As soon as the frazzled-looking teller ogled me, I knew I was golden.
“So, you’d like that deposited in your savings account?”
“Y-yes,” was all I could manage.
One hundred thousand dollars. One hundred triple 0 dollars! Carter had been as good as his word—better. All he had promised me was help, and he’d given me $100,000.
“Will that be all today, ma’am?” the bank teller’s nasal voice asked. Nodding dumbly, grinning like an idiot, I left.
I couldn’t get home fast enough. As I drove, I swapped around potential stories.
I’d gotten a great new job—nah, I’d have to wait too long to use the money then.
I’d been contacted by a long-lost relative—no, my parents knew all my relatives; they were my parents, after all.
No, wait, I had it—I’d won the lottery.
There, simple as pie and immediate and perfect. And, in a way, true. Almost.
As I pulled up to the slumping, two-story hovel I had come to call home, my latest check in my bank account, everything looked twice as filthy and crappy. The broken screen, the screeching door, the tattered rug with missing patches on the floor, all of it only made me happier with what I was about to tell my parents.
As good old neighbor Gina slumped by, giving me her usual stony glare, I actually grinned at her.
Bye-bye, Gina, I chirped in my head. Nice living with you and your shrieking, demon children, but my parents and I are off to greener pastures.
Then, it was time to burst into the laundry room—my parents’ favorite hangout, with the ever-clattering machines—and yell over the ruckus, “I won the lottery!”

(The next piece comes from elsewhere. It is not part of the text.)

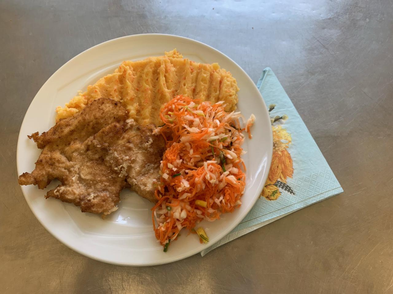 Kurací rezeň v jogurtovej marináde, zemiakovo - mrkvové pyré, šalát mix
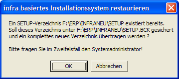 Es wird solange zur Eingabe des korrekten infra-Verzeichnisses aufgefordert, bis der Check erfolgreich ist, oder abgebrochen wird.Wenn ein gültiges infra-Verzeichnis gefunden wird, unter dem ein SETUP-Verzeichnis existiert, wird gemäß folgendem Dialog abgebrochen, oder das Verzeichnis SETUP wird umbenannt zu SETUP.BCK:

Staring at me like I’d smacked him, my dad ran a hand through his long beard.
“You…won the lottery.”
My mom nodded a little, let out a little sneeze, and said the words even more unbelievingly. “You won the lottery.”

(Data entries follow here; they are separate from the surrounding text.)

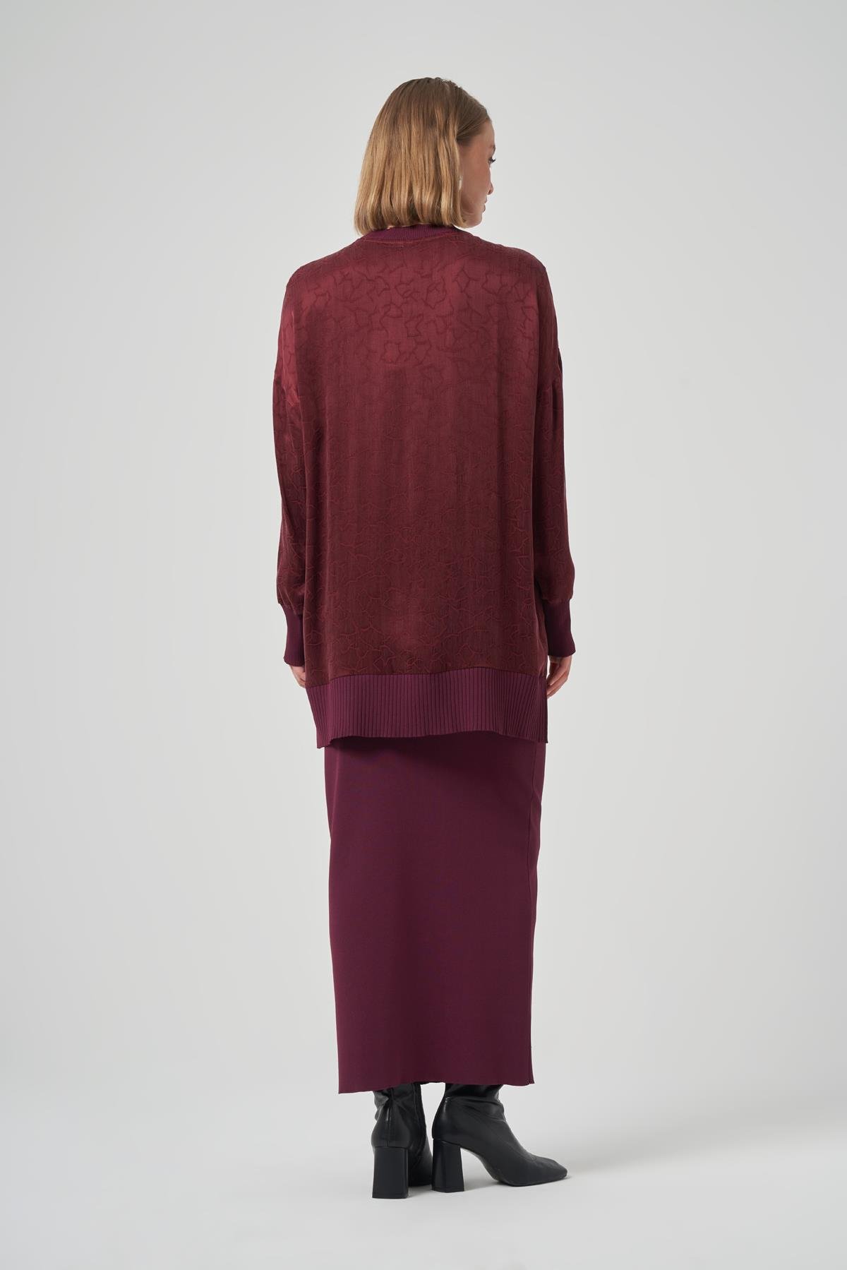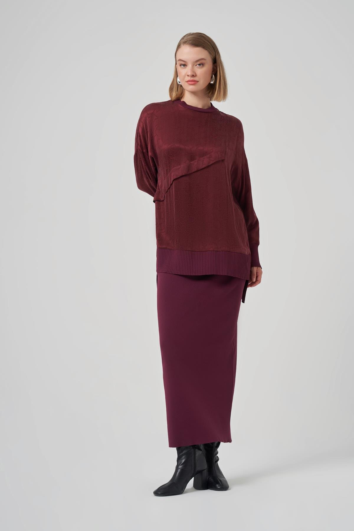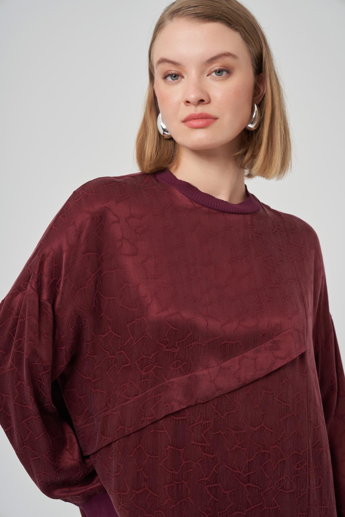 Nuss 3003 Çarpraz Biye Detay Jakarlı Tunik - Bordo (362267903)
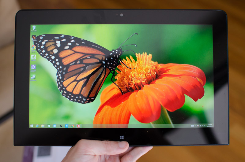 The 11.6-inch display sits in the center of the front panel with reasonably-sized bezels, allowing you to hold the tablet portion of the Helix without accidentally touching the screen. If you look closely you'll realize this isn't a standard rounded rectangle, with sharper corners on the bottom edge than the top so it doesn't look strange while seated in either of the two keyboard docks.
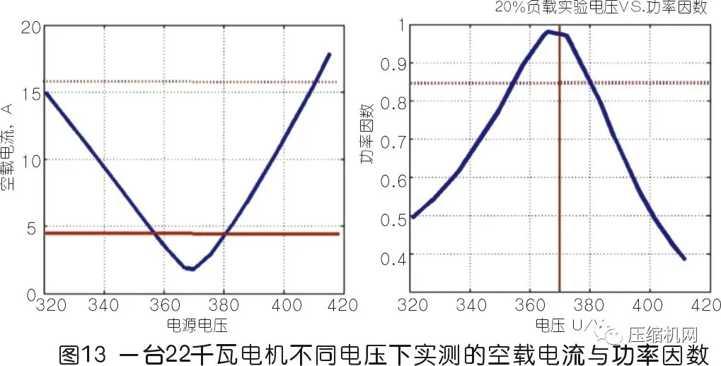 永磁電機雖然在額定電壓的時候有很好的節能效果,但是在實際用戶現場電壓經常會偏離額定電壓,而當電壓大于或者小于感應電壓時,電流都會急劇增大,功率因數變小,節能效果大幅度變差。(見圖13)。由圖中可以看出:偏差在±3%電壓范圍內時,電機功率因數大于或等于0.9,否則,功率因數較低。
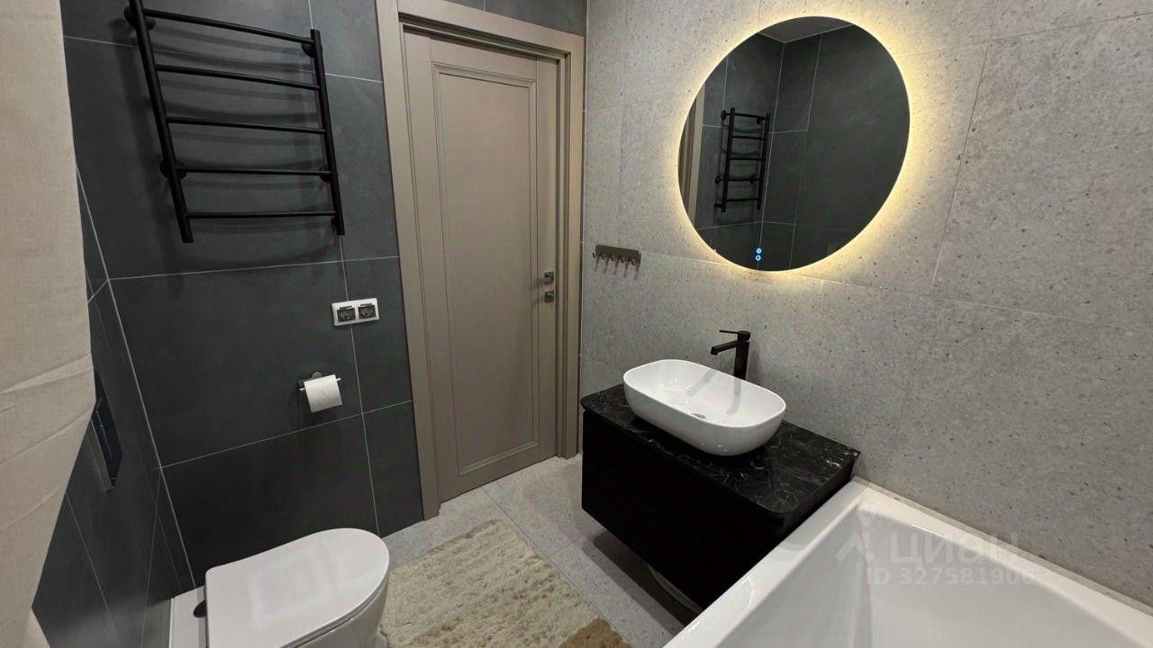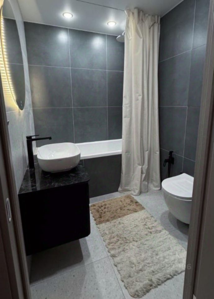 -Раздельный санузел в широкоформатной плитке, установлена качественная сантехника.
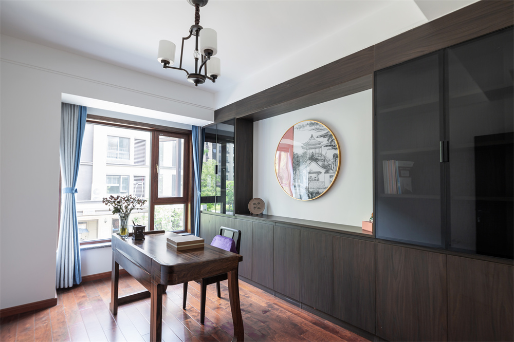 書房是屋主特地為愛人準(zhǔn)備,便于愛人日常辦公的需求,特地選取了一間風(fēng)景優(yōu)美的房間作為工作區(qū)域。仿佛如黃鶴樓般的裝飾畫,處處透露出濃郁的中式風(fēng)。茶色的玻璃柜可以映照出窗外的景色,在這里辦公非常安靜,可以集中精力思考處理事務(wù)。
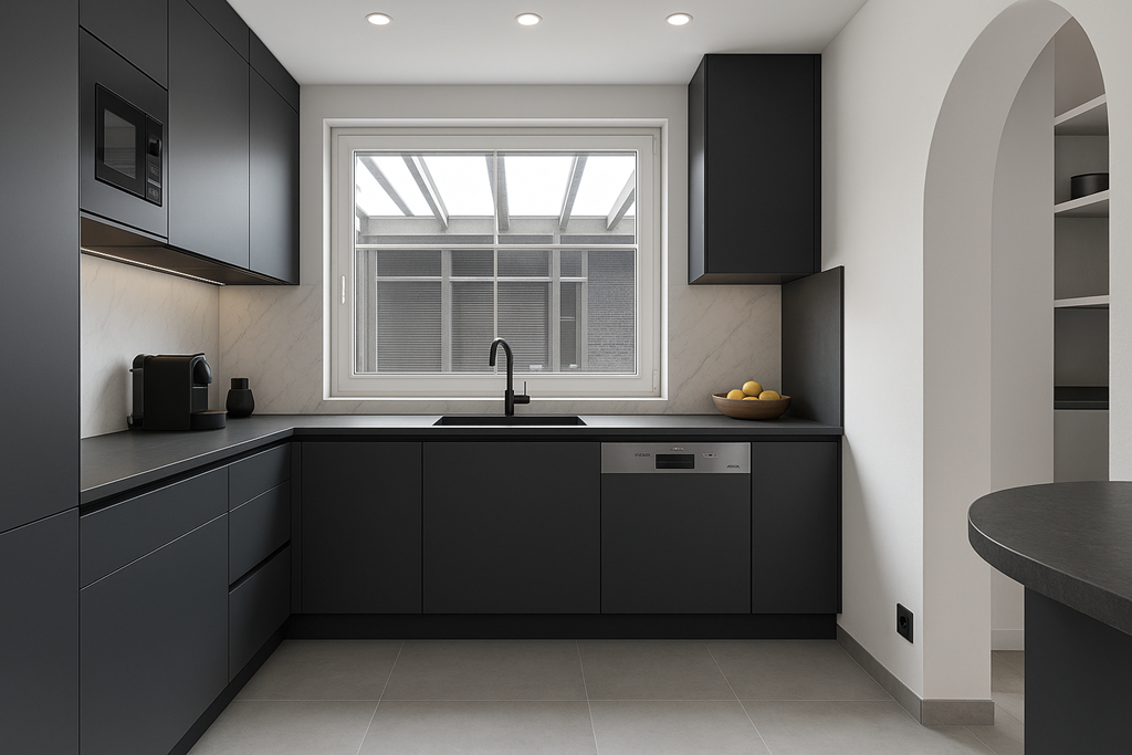 The open kitchen adjoins the living room and features an L-shaped worktop with hob, extractor, dishwasher, and sink. There is also a combination oven, a refrigerator, and ample storage. While the kitchen is functional and spacious, it can be modernized to suit personal taste.
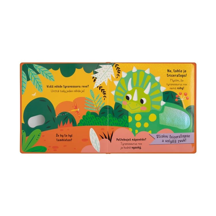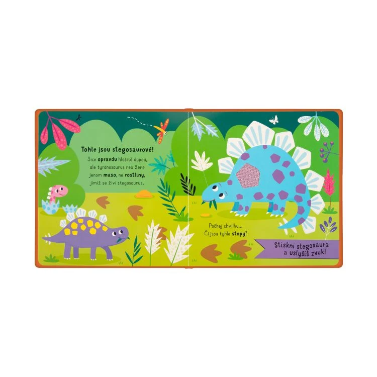 Na každé stránce si mohou malí čtenáři sáhnout na dinosaura – v knížce si tak mohou pohladit triceratopse, brachiosaura, spinosaura, ankylosaura, stegosaura i tyranosaura rexe.
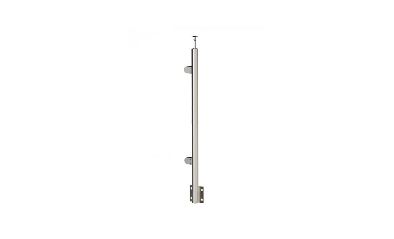 Стойка круглая Ø38.1: 2 литых зажимных стеклодержателя, полированная, боковой крепеж, высота 1200 мм (AISI 304) k756-R

Grasping both their hands, I nodded, smiling so wide my face hurt.
“One hundred thousand dollars, and it’s all yours. I want you to have it. We can buy a new house. We can get out of here.”
My dad’s gaze was on a massive spider web in the corner.
“I don’t know, honey. That’s your money,” my mom said.
She hardly looked happy. After two months in this place, both of them had gotten out of the habit, I guessed.
Taking her soft, creased hand, I shook my head.
“No, Mom. It’s ours. You and Dad have always been there for me. This money is
for us, to buy a new house, a nice house.”
“A nice house,” my dad murmured, the traces of a smile beginning to form on his face.
“A new house,” my mom whispered, her gray eyes flicking to the window, where the sunny, blue sky was still visible.
Taking both their hands, I led them out of there, out of that noisy, smoky dump of a house. Out into the fresh air, sweet with forget-me-nots.
“Wait here,” I told them.
I raced back inside to my room and grabbed the pamphlet I’d had stashed in my bedside table since we moved in. Then, racing back to them, I held it out in the palm of my hand, like it was medication I was offering them, some sort of cure. And, in a way, it was.
“Better start looking, Pops,” I said as he handled the real estate pamphlet gingerly, as if it were a bomb that could go off at any moment. “You two have a new house to find.”
Chapter Five
Carter
Strange missing something you had never really had. At any rate, there would be no need to see Cynthia after work today. I’d had more than my fill.
And yet, every few minutes, as I signed off on contracts and negotiated over the phone with businesspeople who didn’t yet realize they were going to agree with me, I found my gaze irresistibly drawn to the handcuffs still attached to my drawer.
A strange girl. So haughty and passionate, and yet…what had that look in her eyes been at the end there, when I’d returned her sock?
No matter. I had work to do, and I would never see her again.
As the tall, stately grandfather clock in the corner ticked on, I thought of her: I wondered which seized ranch had been hers—there had been so many lately; I wondered if she had told me her real name. “Donna,” she’d said.
Before I knew what I was doing, I was on the phone with Cynthia, ordering her to look into all the Donnas in Denver, hanging up before she asked for clarification. Although, Cynthia knew better than to ask why.